Sebanyak 274 pebulutangkis dari 21 negara akan bertarung di arena legendaris yang dikenal dengan tekanan luar biasa dari dukungan suporter. Gemuruh Istora kembali diharapkan menjadi energi tambahan bagi para atlet Indonesia untuk tampil maksimal di hadapan publik sendiri.
Turnamen tahunan ini mendapat dukungan penuh dari berbagai sponsor besar seperti Daihatsu, HSBC, Bakti Olahraga Djarum Foundation, Kopi Tubruk Gadjah, Hydroplus, Tiket.com, Blibli, Victor, Etihad Airways, Le Minerale, Indomie, hingga MNC Group.
Ketua Panitia Pelaksana Daihatsu Indonesia Masters 2026, Achmad Budiharto, pada Senin (19/1/2026) aat press conference memastikan seluruh aspek penyelenggaraan telah dipersiapkan dengan matang. Mulai dari kesiapan venue, operasional pertandingan, fasilitas atlet, hingga berbagai hiburan dan aktivitas pendukung bagi penonton di luar arena.

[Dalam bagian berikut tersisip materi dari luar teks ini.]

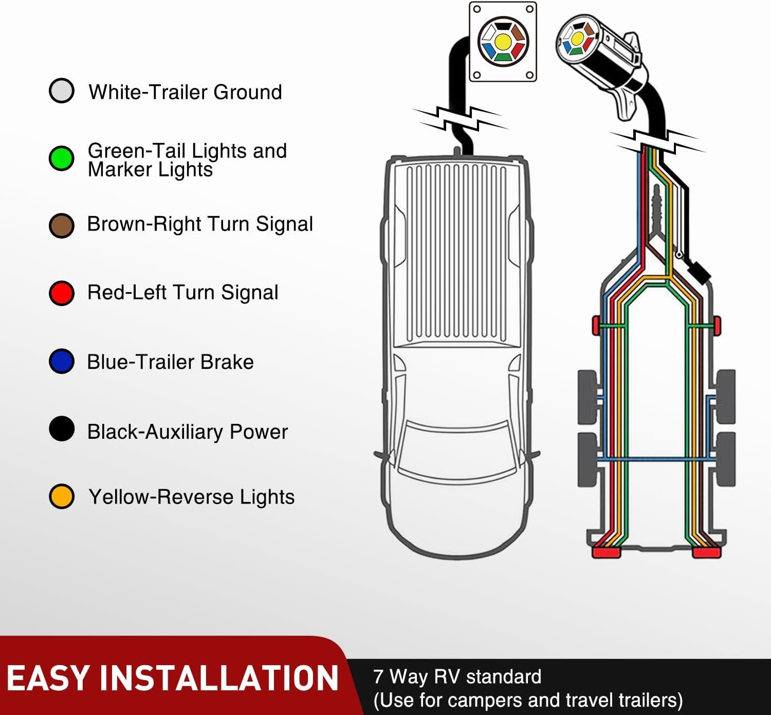 Versatile Applications: Perfect for connecting tail, brake, reverse, turn signals and auxiliary power of your trailers, RVs, campers, caravans, food vans and other towed vehicles. Please read the diagram carefully before any operations on the product

Menurutnya, kehadiran para pemain top dari negara-negara kuat seperti China, Korea Selatan, Jepang, dan Denmark akan membuat persaingan semakin ketat dan atraktif. Tak hanya menyuguhkan laga berkualitas tinggi, turnamen ini juga dirancang sebagai ajang sportainment yang memberi pengalaman menonton berbeda bagi para penggemar.
Budiharto menegaskan, bersama PBSI, pihaknya berkomitmen menjadikan Daihatsu Indonesia Masters sebagai pesta rakyat bulutangkis. Harga tiket yang lebih terjangkau serta ragam hiburan dan aktivitas interaktif disiapkan agar seluruh lapisan masyarakat bisa menikmati atmosfer turnamen dunia ini.

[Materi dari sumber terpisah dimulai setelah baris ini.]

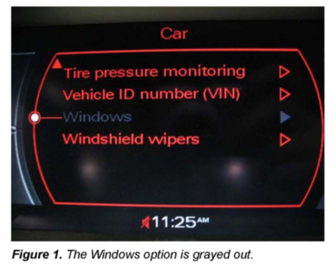The customer may report that a grayed-out Windows option is displayed in the MMI Car Settings menu.
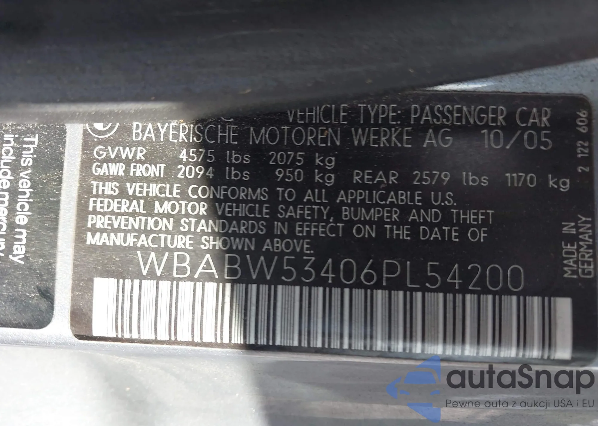 • VIN WBABW53406PL54200
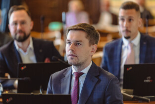 Gdańsk, ul Wały jagiellońskie. 70. sesja Rady Miasta Gdańska. Nz. Mateusz Skarbek - wiceprzewodniczący Rady Miasta
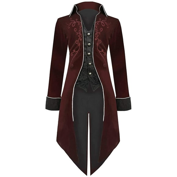 Chaqueta tailcoat SIAEAMRG Renaissance Steampunk Gothic Red XXXLChaqueta medieval Steampunk para hombre, color rojo, talla L

Dukungan terhadap ajang ini juga datang dari HSBC yang telah sembilan kali menjadi bagian penting penyelenggaraan Indonesia Masters. HSBC menilai bulutangkis bukan sekadar kompetisi, tetapi sarana pembentukan karakter, disiplin, dan kualitas hidup generasi muda.
Dari sisi prestasi, Indonesia menatap turnamen ini dengan optimisme realistis. Kepala Bidang Pembinaan dan Prestasi PBSI, Eng Hian, menyebut persiapan tim dilakukan secara bertahap dengan fokus pada pemulihan fisik, pematangan teknik dan taktik, serta kesiapan mental bertanding di awal musim.
PBSI membidik dua gelar juara, dengan sektor ganda putra masih menjadi andalan utama. Meski demikian, sektor lain tetap didorong untuk bersaing hingga fase akhir, seiring ketatnya peta persaingan bulutangkis dunia yang semakin merata.
Dengan kualitas pemain yang kian mendekat di level Super 500, Daihatsu Indonesia Masters 2026 diprediksi menghadirkan banyak laga sengit dan kejutan sejak babak awal. Istora pun kembali bersiap menjadi saksi pertarungan elite dunia sekaligus panggung kebanggaan bulutangkis Indonesia.